Tribünlerimde artık “eli kirli, yağlı” da olsa, “gönlü temiz” insanlar görmek istiyoruz! Maçta, maç sonrasında metrolarda, sokaklarda vandallık yapan kişiler görmek istemiyoruz!
İşte bu durumu da, bu imajı da yıkacak tek yöntem, tek yol budur! Bu proje ile Ankara halkına bu takımı sevdireceğiz, sahip çıkmasını sağlayacağız! Tüm ülke spor camiasının saygısını bu şekilde kazanacağız!
Bu nedenle, dünkü maçta, “son defa” bu organizasyonu yaptığını söyleyen Sayın İsmet Beltan’ı ikna etmek suretiyle, yeniden bu projeye devamını sağlayınız.

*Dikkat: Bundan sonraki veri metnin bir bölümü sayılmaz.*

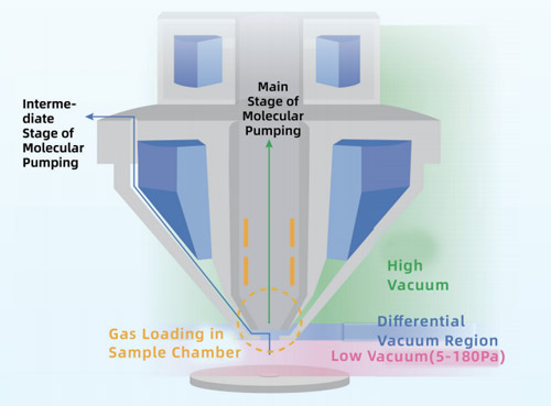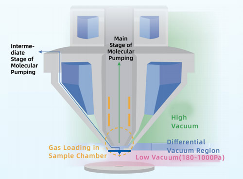 The incident electron beam ionizes the air molecules on top of the surface, producing electrons and ions, in which ions neutralize the charged particles generated on the sample surface, achieving the effect of charge mitigation.
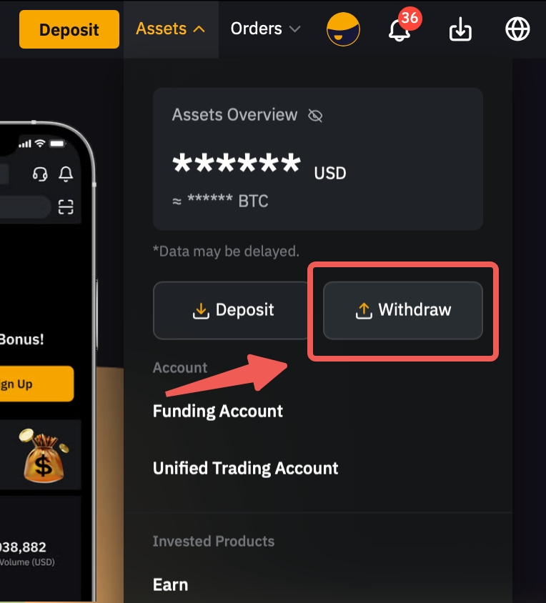 註:所有提幣只能透過資金帳戶進行。如果您在其他帳戶中有可提現資金,請先將資產轉入資金帳戶,然後繼續。

Şunu tekrar üstüne basarak söyleyeyim; Bu Proje Ankaragücü camiasının geleceğinin inşasıdır! Var olma mücadelesidir.
Kulübün en önemli sorunu mali gibi gözükse de, bu sorunun esas kaynağı idaridir! İdari yönetimde başarılı olamazsanız, tekrar aynı yere geri dönmemiz kaçınılmazdır!
Yeni yönetimin en önemli şansı, Mehmet Yiğiner gibi tecrübe abidesi Onursal Başkana sahip olmasıdır. Bu imkânı sonuna kadar kullanacaklarına eminim. Mehmet Başkanın da, bu görevden geri durmayacağını iyi biliyorum.
Biz Zanka Ailesi olarak, yapacağınız her olumlu işte ve adımda, bazı; dün başka, bu gün başka, rüzgâra göre şekil alan “işportacılar” gibi değil! Aklımızla, kalemimizle yanınızda olacağımızı bilmenizi isteriz.
***
Kongre sonrası, yeni Yönetimde yer alan Ümit Albayrak Başkanım ve İbrahim Kurdal Başkanımla, İstanbul’a istemeyerek olsa da, Cuma günü dönmek zorunda kaldık! Her ne kadar Çiftlikte, Güner kardeşimizin (Çiftlik Kokoreç) nefis köfte ve kokoreçini yiyerek dönsek de, Cumartesi günü oynanan futbol resitalini canlı izleyemedik!
Televizyondan da olsa, o muhteşem galibiyeti izledik. Oynan oyun ve sonuç benim için şaşırtıcı olmadı! Çünkü geçen haftalarda oynanan oyun ve mücadele, bu günün habercisiydi!
Diğer maçlardan farkı şu oldu; genç oyuncular, tecrübeli oyunculara alıştı ve ayak uydurdu. Yusuf Emre’nin muhteşem ortasına, Miraç’ın arka direkteki gol vuruşu. Yine, Yusuf Emre’nin araya bıraktığı topta, Enesin bulduğu gol. İsmail’in kestiği topla Mervanın bulduğu gol..
Bu oyun, Mahmut, Osman, İsmail, Yusuf Emre, Halil İbrahim, Mesut, Diego hatta Özgür ve Setaç’ın katkısıyla daha yukarı çıkacaktır! Çünkü gördüğüm kadarıyla Recep Karatepe hocamız, sürekli kendini yenileyen ve olumsuzlukları iyi analiz edip, sorunun çözümü konusunda çalışmalar yapan bir hoca. Beyoğlu maçından sonra yazdığımız sorunlara anında müdahale ettiğini gördük. O nedenle gelecek haftalar konusunda çok ümitliyim.
***
Değerli dostlar, ümidinizi asla kaybetmeyin, kötülerin sizi yıldırmasına izin vermeyin!
Aynı, Hz. Yunusun (k.s.) dediği gibi; “Her Dem Yeniden Doğarız Bizden Kim Usanası”
Vesselam

Doğru söyleyeni 9 köyden kovarlar, derler. Yonetim yazdıklarınızı dikkate alır inşallah.